Author R. William Forstchen imagined this precise scenario in stunning detail in his speculative fiction novel One Second After. Give it a read. You’ll get some inkling of just how irrevocably things will change in the aftermath of such an event.
So much of what we assume is “just the way things are” will vanish, permanently, with one stroke of fate. Something similar will happen in the wake of a nuclear exchange, major asteroid impact, or super volcano detonation.
As an example that most will understand, a paradigm shift would undoubtedly occur if zombies were to rise from their grave or aliens were to invade.
A paradigm shift is knowing, “Things will never be the same.” Whatever caused it is definitely a SHTF event.
Government Conflict
Any time a widespread, regimented crackdown is inflicted on citizens by their government that qualifies as a SHTF event unto itself. History furnishes ample examples of how badly and how quickly violence and loss of life and freedom happens when things finally boil over.
Even at the state level, it is all too easy for the government to start infringing on basic rights and liberties, imprisonment and executions being the hallmarks of tyranny.
Even for those outside of conflict zones, disruptions to travel, commerce and utilities can quickly turn a scuffle into a proper siege at the larger scale.
Checkpoints, inspections and constant stress will lead to flaring tempers, overreactions and the spilling of more blood and subsequently tighter restrictions. Your staples and essentials are now officially no longer guaranteed thanks to localized sanctions.
These things have a way of snowballing, especially in the histories of Western nations. We don’t generally do sustained, low-level, brushfire conflict, preferring instead to let things become intolerable before our animosity erupts in an orgy of violence that changes the course of history and the lives of the surviving populace forever after.

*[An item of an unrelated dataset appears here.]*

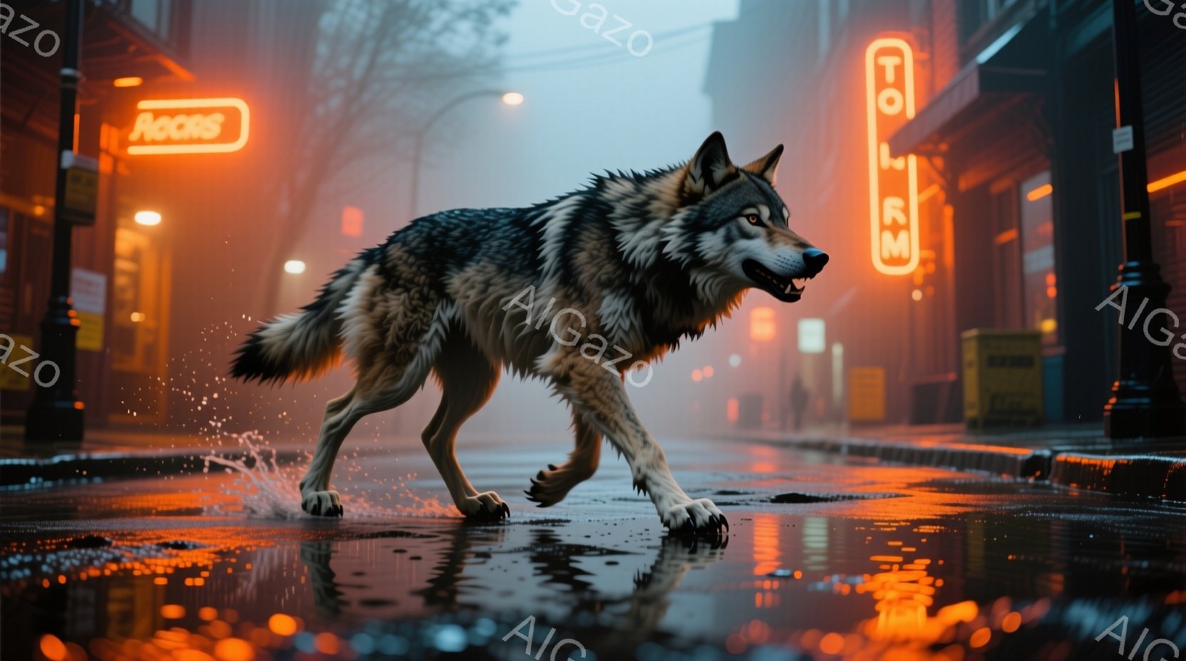 濡れたアスファルトの路上を、毛並みの美しい灰色の狼が歩いている。背景にはぼやけた都市の風景とネオンサインが点滅し、雨上がりの夜の雰囲気を作り出している。狼の表情は凛々しく、街の喧騒の中に現れた野生の姿が印象的である。

If the tree of liberty must be refreshed with blood, you can be certain of SHTF.
All Together
To me, a SHTF event is one that not only sends you scrambling to respond, but will put you and everyone else in your area, and probably your region, in prolonged mortal peril.

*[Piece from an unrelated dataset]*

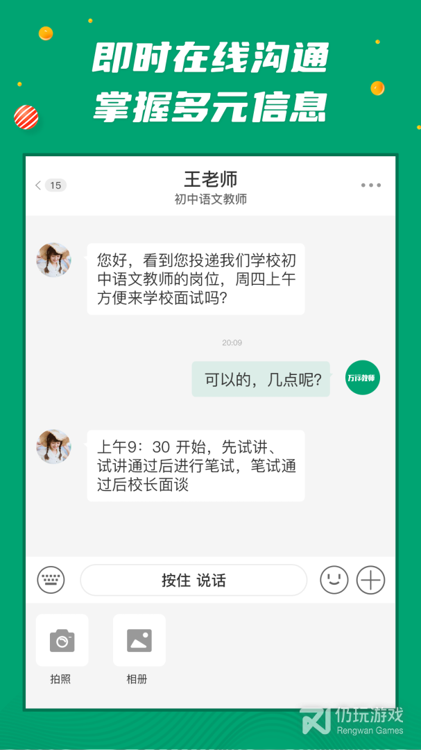1、万行教师招聘端即时在线沟通,掌握多元信息

Your basic survival requirements, and I mean the necessities- clean air, shelter from the elements, clean water for drinking, food- will no longer be guaranteed unless you are clever enough and prepared enough to provide them.

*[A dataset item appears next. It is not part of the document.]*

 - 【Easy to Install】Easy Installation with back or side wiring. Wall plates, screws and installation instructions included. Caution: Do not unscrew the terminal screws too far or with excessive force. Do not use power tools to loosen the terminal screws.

The institutionalized trappings of a functional society will be strained past the breaking point or just cease to exist. The uneasy quasi-truce between the rabid dogs of society, criminals, and the rest of us will disappear, and the natural law will once again take precedence.
What is yours will only stay that way of you can keep it. Your next meal will only be ready if you provide it. Your continued existence will no longer be guaranteed by default barring a fluke. Survival, real moment-to-moment, day-to-day survival is the new normal. The Way Things Were is the simultaneous plea and eulogy on everyone’s lips.
Diseases that are rendered powerless by modern medicine will reassert themselves with fury. Death will harvest his grim crop in ways that were once laughable inconveniences. Infection from a scratch. A fever gone unchecked. Parasites. A rotten tooth.
Medieval ailments will once again spell nearly certain doom. There will be no competing pleasures to occupy your time. Every moment will mean another minute of life, earned, or a squandered opportunity in the face of the encroaching night.
When things have changed so utterly for the worse that your most fervent wish is full bellies and a warm, safer place to sleep next to your loved ones, that’s when you’ll know you the Shit has well and truly Hit the Fan.
Conclusion
The term SHTF should be reserved for major events that severely threaten lives and the fabric of society, not localized disasters and crises no matter how bad they are.
While events that mortally imperil you, even for days at a time, are scary and might be the penultimate test of your life, they are still likely not true SHTF situations.
Try not to water down the import of a term that should be reserved for properly cataclysmic situations by tossing it out every time a riot occurs or a tornado touches down.